Thursday, March 17, 2011

" I love her"

' I thought you should know this, I've been seeing someone for about a month now'
' I love her, Im not sure about the whole in love thing, but I care about her...deeply'


Did he just say what I thought he just said? No there's no way I just read that correctly...let me read that again... 'I love her'. This cannot be right, this is not happening right now.

I always had the one up on one thing, he never had a girlfriend or felt for another girl like he did me. I may have been in complete denial when I told myself he will never ever have a girlfriend again. He wasn't the type to care about being lonely, he had a way to have girls fill the void but never let it get past his typical using. I needed my void to be filled and I for one was never lonely, he was actually used to me finding other guys to replace him so when he would find out I had a boyfriend he somewhat laughed it off. " oh that will end in a few months, she'll get bored and come right back to me again"

To my dismay, the book filled with seven years of our on again off again romance was at a close.

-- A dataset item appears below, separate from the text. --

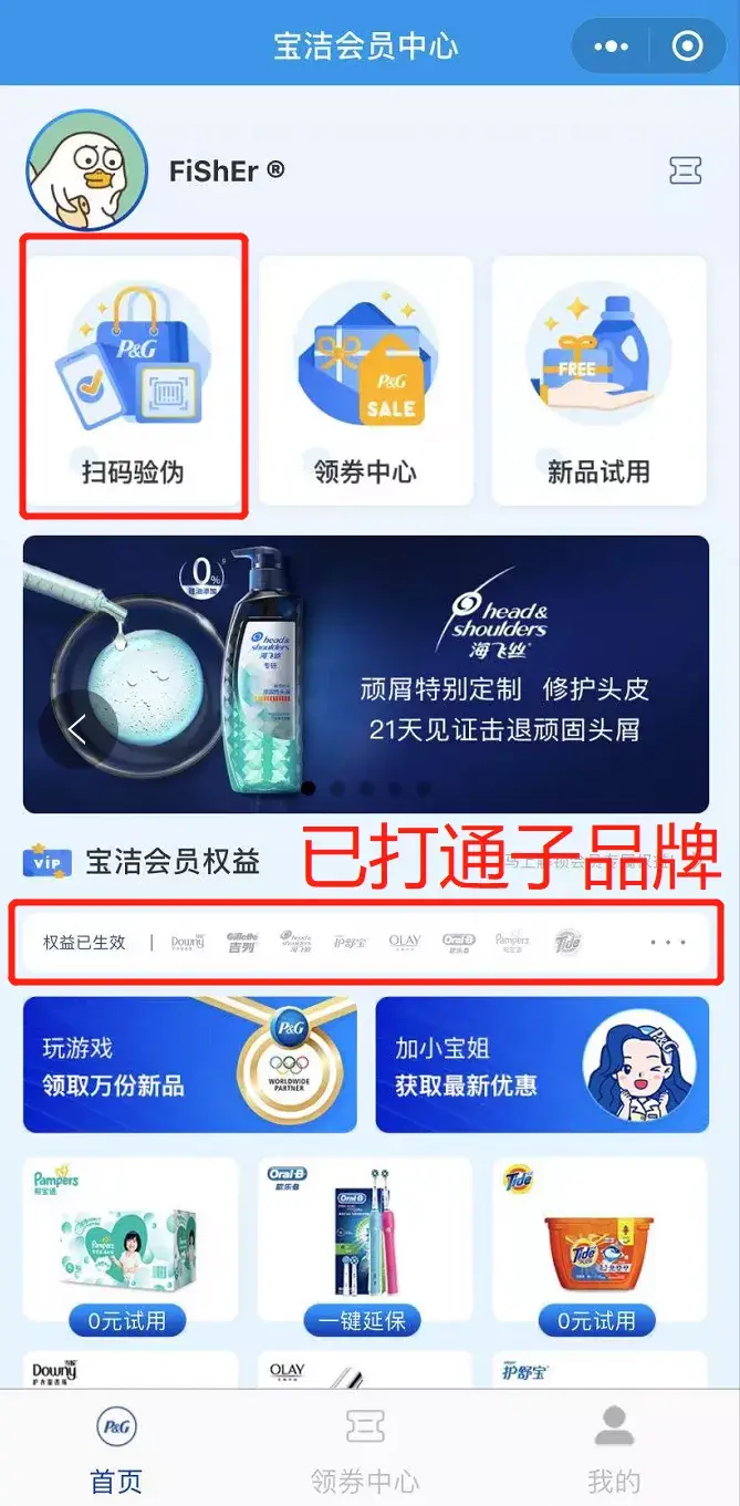 目前,宝洁采用各个子品牌建设独立的会员服务平台,以运营、权益独立,积分、流量共享的方式经营。

I have felt heart break before with him, but nothing quite like this. He wasn't ever supposed to move on, he was never supposed to call a girl his girlfriend. I didn't care how selfish or naive that was, he was supposed to stay right where he was before. This was unlike any other feeling I had before, my body started to become numb, my fingers and arms they started to cramp up, I couldn't feel my body, I couldn't breathe, and I couldn't get one word out to even convince myself that I wasn't dying right then and there. Two years ago wasn't our breakup...it was happening right now. The minute I could even get my body to function and respond I come out with... " Im engaged." {am I neurotic? I am 21 years old Im not engaged, I've barely graduated college.. he is never going to believe this} 'Wow thats great Danielle, I mean Im in shock, I hope its what you want and it doesn't take away from your dreams, but you always wanted to get married so I guess you are happy'...{he seriously bought that?} Im not sure what felt worse, the fact that all I could come back with was a fake engagement announcement or the fact that my life of almost 10 years is at a complete stop. It was more than just a second break up with a boy I have known my entire life, it was a breakup from my safety, from the one thing I knew certain of when I knew of nothing else. I wish I had a heads up, some sort of signal... but I was completely taken off guard and left with a bottle of jack daniels and tissues.

So I was left again, to fend for myself and process this information I was given alone because no one else understands how I can even care about this. But what they don't know is him. He swore he would never love again or care about a girl and trust me he meant it. This was it though, the ending I never wanted to see. I knew that the break up two years ago wasn't the last of it, but even that didn't prepare me for the last and final words we would ever speak. No one could say or do anything to prepare me for this. The only one who could say or do anything to not make me feel like I just lost pretty much all of me was him, and he was out there loving someone else now.